A BAE Systems anunciou a assinatura de um contrato no valor de US$ 180 milhões com a Swedish Defence Materiel Administration (FMV), agência responsável pela aquisição de equipamentos militares da Suécia, para o fornecimento do sistema antiaéreo TRIDON Mk2.

Sistema móvel e versátil

O TRIDON Mk2 é um sistema de defesa aérea montado sobre caminhão, equipado com um canhão de 40 mm, projetado para preencher lacunas identificadas nas capacidades atuais de defesa antiaérea de curto alcance.

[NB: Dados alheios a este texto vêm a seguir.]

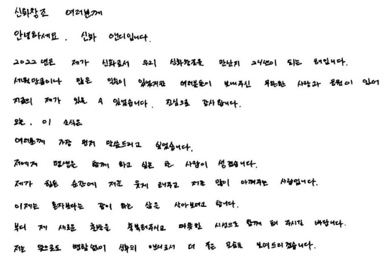 자필 편지에는 "2022년은 제가 신화로서 우리 신화창조를 만난 지 24년이 되는 해다. 세월만큼이나 많은 일들이 있었지만 여러분들이 보내주신 무한한 사랑과 응원이 있어 지금의 제가 있을 수 있었다. 진심으로 감사하다."라고 말하며 감사 인사를 먼저 올렸습니다.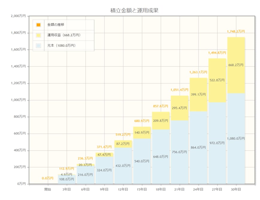 つみたてNISAシミュレーション「月3万円・年率3%・30年間」

Segundo a empresa, o sistema possui capacidade de engajar múltiplos alvos simultaneamente, incluindo drones, mísseis de cruzeiro e aeronaves, além de atuar contra ameaças terrestres, como veículos blindados.

A proposta do TRIDON Mk2 é oferecer proteção tanto às forças militares quanto às infraestruturas críticas civis, num cenário em que ameaças aéreas de baixo custo e alta mobilidade — como drones — se tornaram cada vez mais comuns.

Foco em guerra moderna

De acordo com Lena Gillström, presidente da divisão Bofors da BAE Systems, o sistema foi desenvolvido com base nas exigências dos conflitos atuais.

“O TRIDON Mk2 foi projetado para a guerra moderna e continuaremos a fornecer soluções de ponta para garantir que nossos clientes estejam preparados para os desafios futuros”, afirmou a executiva.

Apoio à Ucrânia

O sistema já integra iniciativas de apoio internacional à Ucrânia. Em fevereiro, a FMV adquiriu unidades do TRIDON Mk2 em nome da Suécia e da Dinamarca para doação ao país, com o objetivo de reforçar suas capacidades de defesa aérea no contexto do conflito em curso.

Solução modular e de baixo custo

Entre os principais atributos destacados pela fabricante estão a alta precisão, o custo relativamente reduzido e a facilidade de operação e manutenção. O sistema também possui arquitetura modular, permitindo adaptações e atualizações conforme novas tecnologias e necessidades operacionais surgem.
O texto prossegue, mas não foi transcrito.